Percutaneous Nephrolithotomy (PCNL)
When is this procedure indicated?
Percutaneous nephrolithotripsy is usually offered to patients with voluminous and complex kidney stones, in whom a pure endoscopic retrograde approach would not guarantee a good result in terms of complete remediation of the lithiasic mass.
In particular, it is the preferred procedure for kidney stones larger than 2 cm, while it assumes a less relevant role in smaller kidney stones.
How is it performed?
This technique allows direct access to the intrarenal cavities and calculus by puncturing the kidney and creating a link between the skin and the renal parenchyma. Once the access to the intrarenal cavities has been created, a dilation of the passageway is performed (up to 1 cm as maximum diameter) that allows the insertion of the operating instruments, i.e. the nephroscope, to navigate inside the renal cavities in search of the stone, and then the lithotripsy probes (ballistic, ultrasonic, Holmio laser) used to fragment the stone and then remove the remaining fragments with forceps and baskets.

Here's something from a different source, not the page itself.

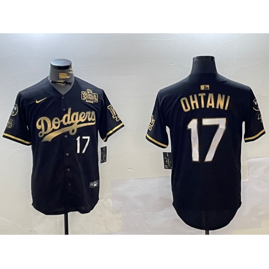 Men's Los Angeles Dodgers #17 Shohei Ohtani Black Gold 2024 World Series Champions Cool Base Stitched Baseball Jersey

In the last few years, very small operating instruments have been developed that work through a very small (about 3-5 mm) vessel and allow to perform the so-called mini-LP, limiting the risk of complications and bleeding with comparable success rates but at the price of longer duration of surgery. The choice of technique to be used is always agreed and shared with the patient before the intervention, after a careful analysis of each case. The surgery is performed under general anesthesia, and the patient can be positioned prone or supine depending on the needs and characteristics of the operation.
The average hospital stay after percutaneous lithotripsy is about 3-4 days, and depends on the general condition of the patient and the complexity of the procedure, with a full return to work usually occurring after one week.

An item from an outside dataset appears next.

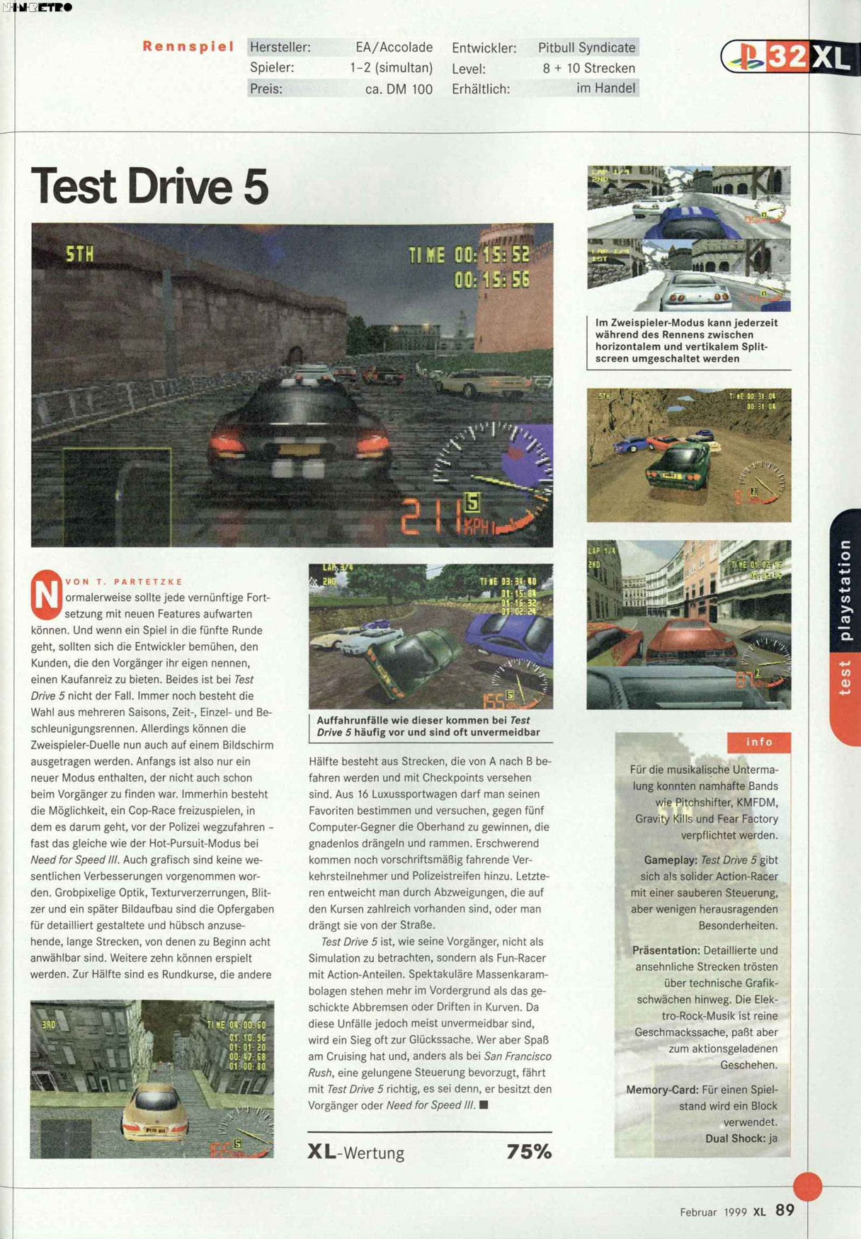 Realistic weather conditions and night driving. Pure street racing mayhem. Discover secret cars and tracks... if you're good enough. High flying action. Head-to-head racing.

Like any surgical procedure, percutaneous nephrolithotripsy is also associated, although in a limited percentage, with complications.

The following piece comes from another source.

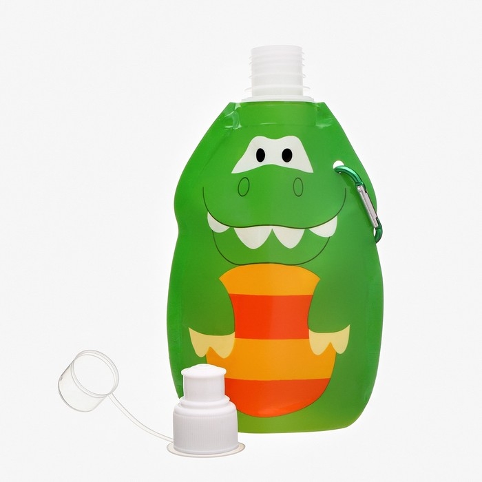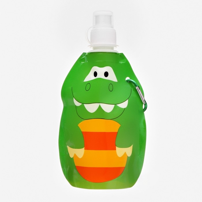 Фляжка для воды, 280 мл, "Крокодил", на карабине, 22 х 12 см

Data in the literature show that the following may occur: fever (10.8%), need for transfusion (7%), pleural injury (1.5%), systemic infection (sepsis, 0.3-4.7%), adjacent organ injury (colon, liver, spleen - 0.4%), need to embolize renal bleeding sources (0.4%), peri-operative mortality (0.05%).
Reduced kidney function can be a long-term complication, especially if embolization of arterial vessels of the renal parenchyma becomes necessary due to post-operative bleeding that does not resolve spontaneously.